Она не знала, откуда взялись силы подняться и отправиться в душ, под которым она простояла без малого час, растирая лицо жесткой банной губкой, намыливая и смывая. От мыла ли, попавшего в глаза, от обиды ли – но слезы катились градом, и в конце концов Юленька почти ослепла. И из ванной комнаты выбиралась на ощупь, и в коридоре, неловко повернувшись, смахнула с полки вазу, которая разлетелась вдребезги, а Юленьке стало вдруг плевать на то, что с вазой случилось. И вообще на все-все плевать.
Кажется, она забралась в кровать и просто лежала… А потом? Что было потом? Откуда взялась Дашка и этот тип, что беспокоит Юленьку своими вопросами? Какая ему разница, кто сделал? Пусть бы лучше ответил: за что?
– Ее дружок, – встряла Дашка и, присев на пол, взяла Юленькину руку. Ладони у Дашки теплые, и пальчики тонкие, хрупкие, такие легко сломать.
Нехорошие мысли.
И у Ильи нехороший взгляд. Жесткий. И сам он тоже жесткий, как бабушкин воротничок из кружева, который Зоя Павловна вываривала в крахмале и заутюживала, пока тот не становился твердым, словно сплетенным из белой проволоки.
– Она мне сама рассказала! Сволочь! Скотина!
Надо же, а Юленька не помнит, чтобы кому-нибудь рассказывала. Нет, она бы не стала говорить, ведь стыдно же… Тогда откуда Дашка узнала? Откуда она вообще появилась здесь?

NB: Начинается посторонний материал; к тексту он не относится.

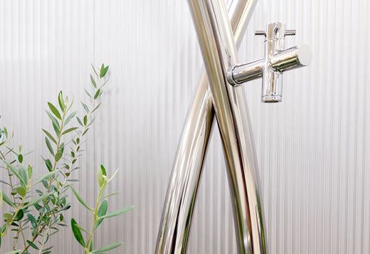 数種類のモダンなデザインに幾種類ものステンレス仕上げが豊富なデザイン水栓柱。ホテルのエントランスにも似合うモダンなデザインが豊富です。ステンレスヘアライン、鏡面、スーパーブラックなど豊富なステンレス仕上げに迷うかも!?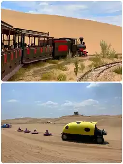 ✨Highlights: One of China's three singing sand deserts❗️“Singing sand”🎵 + desert Disneyland🎢 + lotus-shaped Buddhist hotel🏜️ + Mongolian *Ordos Wedding* show💃!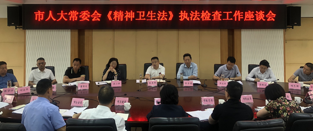 6月3日,在市人大常委会机关召开《精神卫生法》执法检查座谈会,朱丰年出席会议并讲话;受市人民政府委托,副秘书长、二级巡视员张晓东作了全市贯彻落实《精神卫生法》的情况汇报,市公安局、市民政局、市卫健委、市医保局、市残联、市精神卫生中心等部门补充报告了《精神卫生法》执行情况,执法检查组成员提出了意见建议。

– Я ей позвонила. Ну просто позвонила, не смотри ты так! А она в слезах. И… Илья, сделай что-нибудь!
Пожалуйста. Юленька мысленно присоединилась к горячей просьбе. Пожалуйста, Илья-брат-Дашки-Лядащевой-на-нее-совсем-не-похожий, сделай что-нибудь, чтобы время вернулось к утру, к тому моменту, когда жизнь казалась рухнувшей. Но тогда в руинах не было ни собачьей шкуры, ни Михаила, ни Юленькиного нынешнего непонимания.

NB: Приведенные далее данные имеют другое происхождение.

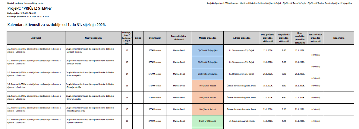 Tijekom 36 mjeseci, od 12.3.2025 do 12.3.2028, provedbe planirano je održati 1170 radionica te u program uključiti najmanje 900 djece s područja Osječko-baranjske županije.

– Даш, сходи на кухню, сделай чаю. А мы поговорим. Правда?
Юленька кивнула. Да, она поговорит, ей очень нужно поговорить с кем-нибудь, пусть даже с этим странным человеком, который неизвестно как попал в ее квартиру.

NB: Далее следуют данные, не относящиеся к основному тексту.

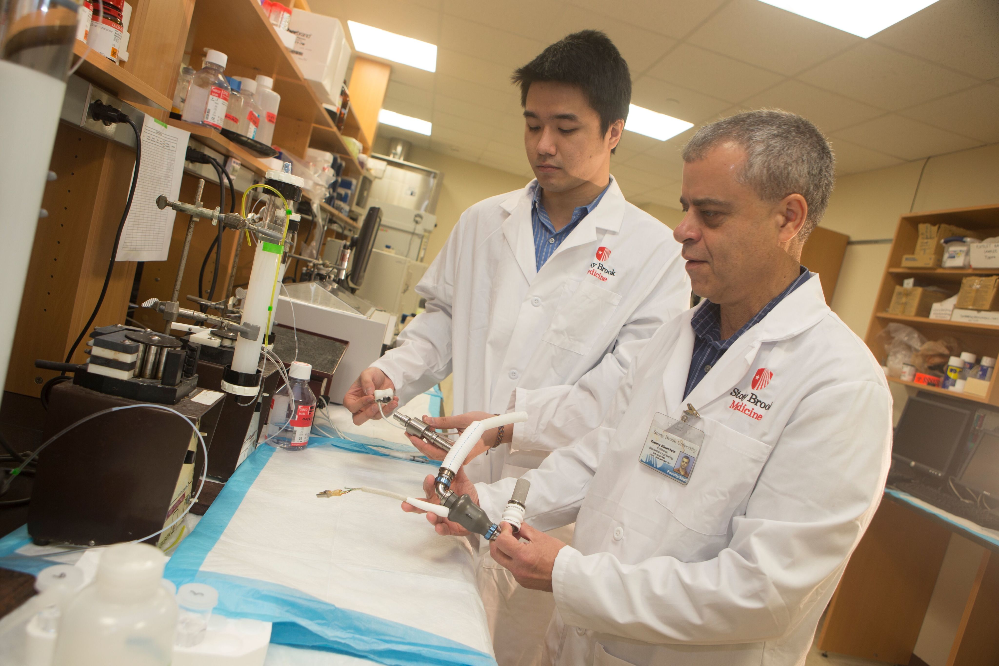Danny Bluestein, SUNY Distinguished Professor in the Department of Biomedical Engineering (right), is also the principal investigator at PolyNova Cardiovascular Inc., which is developing prosthetic heart valves. Through the company's partnership with SPIR, students can work on projects “directly related to their PhD dissertation.”

А еще говорят, будто дом – это крепость. В Юленькиной крепости ворота открыты всем.
Дашка вышла, прикрыла за собой дверь и исчезла, оставив Юленьку наедине со своим братом. А тот не спешит задавать вопросы, разглядывает. И Юленька, в свою очередь, разглядывает его.
Блеклый. Человек-рыба, как сказала бы бабушка, и добавила, что рыбы тоже разными бывают. К примеру, яркие телескопы с пушистыми хвостами, или юркие гуппи, или даже солидные, в кольчужной чешуе карпы. А Илья – рыба глубоководная и потому невзрачная до отвращения. Бледная кожа, белесые волосы, неестественно светлые глаза не пойми какого цвета: то ли серый талый лед, то ли блеклая осенняя синева. Только ресницы и брови неожиданно темные, словно крашеные. Юленьке вдруг захотелось спросить: вправду ли крашеные, вдруг человеку-рыбе надоела его невыразительность.
– Так кто это сделал? – повторил вопрос человек-рыба. – И что именно он сделал?
Юленька заговорила. Нет, не потому, что прониклась вдруг доверием, и не потому, что хотела пожаловаться. Скорее уж эти глаза, чуть навыкате, чуть в тени длинных ресниц, заворожили. Нельзя им врать и нельзя замалчивать факты.
К собственному удивлению, излагала она внятно и спокойно, вспоминая детали и даже – что и вовсе невероятно – не испытывая больше отвращения к тому, что случилось утром.
– Значит, шкура? Собачья?
– Черная, – уточнила Юленька. – Грязная. И воняет.
И решившись, задала мучавший ее вопрос:
– За что он так?
– Не знаю, – честно ответил Илья. – Но обязательно выясню. У тебя номер его имеется? Или подруги твоей?